- _Given data_
——————

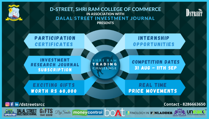 D-Street, SRCC is proud to present Shri Ram Trading Challenge, an online mock-stock competition, in which the participants would be trading on a virtual platform with virtual currency, but with real stocks and live price movements.
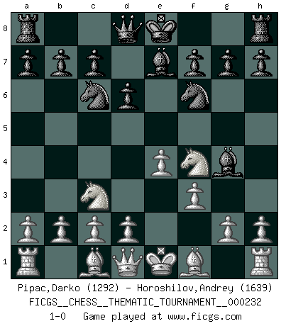Last move : 1-0 2019 June 20 10:45:20 [Event "FICGS__CHESS__THEMATIC_TOURNAMENT__000232"] [Site "FICGS"] [Date "2019.05.09"] [Round "1"] [White "Pipac,Darko"] [Black "Horoshilov,Andrey"] [Result "1-0"] [WhiteElo "1292"] [BlackElo "1639"] 1.e4 e5 2.Nf3 Nf6 3.Nxe5 d6 4.Nd3 Nc6 5.Nc3 Be7 6.Nf4 Bg4 7.f3 1-0 This chess game has been lost on time (started : 2019.05.09 19:23:14) Petrov's defense Player White won this chess game. Follow this game move after move (download)Live, lose, and learn, by observing your opponent how to win. (Amber Steenbock) Ich würde die 30 stärksten Spieler der USA im Simultanspiel besiegen. (José Raúl Capablanca) Morphy probablemente fue el genio más grande de todos. (Bobby Fischer) Le joueur d'Echecs qui veut atteindre le top est obligé de développer son propre credo créatif. Alexeï Stepanovicth Souétine. Il est facile d'écrire des livres ! Ce qui est difficile, c'est de jouer ! (Alexeï Stepanovicth Souétine) Happy endings are just stories that haven't finished yet. (Jane Smith in Mr & Mrs Smith)
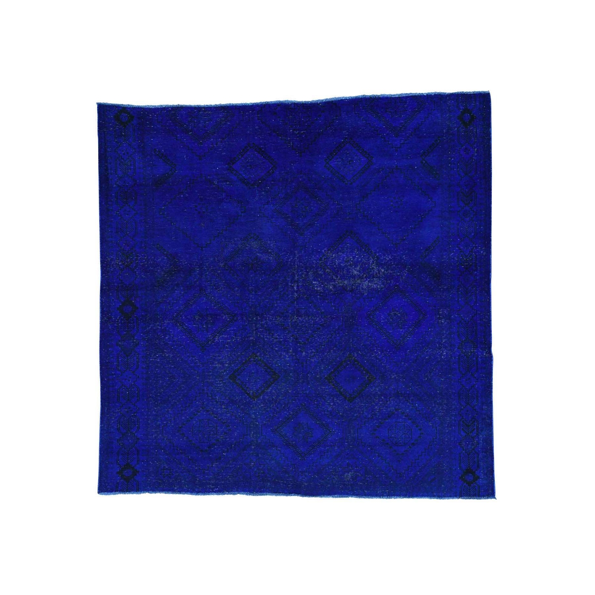 1800 Get A Rug sh34534 6 ft. 6 in. x 6 ft. 9 in. Handmade Square Overdyed Hamadan Fragment Pure Wool Rug Navy

——————

- _Task details_
Leave the pictures out and set down the rest of the listing above exactly.

- _Answer for the task_
 D-Street, SRCC is proud to present Shri Ram Trading Challenge, an online mock-stock competition, in which the participants would be trading on a virtual platform with virtual currency, but with real stocks and live price movements.
Last move : 1-0 2019 June 20 10:45:20 [Event "FICGS__CHESS__THEMATIC_TOURNAMENT__000232"] [Site "FICGS"] [Date "2019.05.09"] [Round "1"] [White "Pipac,Darko"] [Black "Horoshilov,Andrey"] [Result "1-0"] [WhiteElo "1292"] [BlackElo "1639"] 1.e4 e5 2.Nf3 Nf6 3.Nxe5 d6 4.Nd3 Nc6 5.Nc3 Be7 6.Nf4 Bg4 7.f3 1-0 This chess game has been lost on time (started : 2019.05.09 19:23:14) Petrov's defense Player White won this chess game. Follow this game move after move (download)Live, lose, and learn, by observing your opponent how to win. (Amber Steenbock) Ich würde die 30 stärksten Spieler der USA im Simultanspiel besiegen. (José Raúl Capablanca) Morphy probablemente fue el genio más grande de todos. (Bobby Fischer) Le joueur d'Echecs qui veut atteindre le top est obligé de développer son propre credo créatif. Alexeï Stepanovicth Souétine. Il est facile d'écrire des livres ! Ce qui est difficile, c'est de jouer ! (Alexeï Stepanovicth Souétine) Happy endings are just stories that haven't finished yet. (Jane Smith in Mr & Mrs Smith)
 1800 Get A Rug sh34534 6 ft. 6 in. x 6 ft. 9 in. Handmade Square Overdyed Hamadan Fragment Pure Wool Rug Navy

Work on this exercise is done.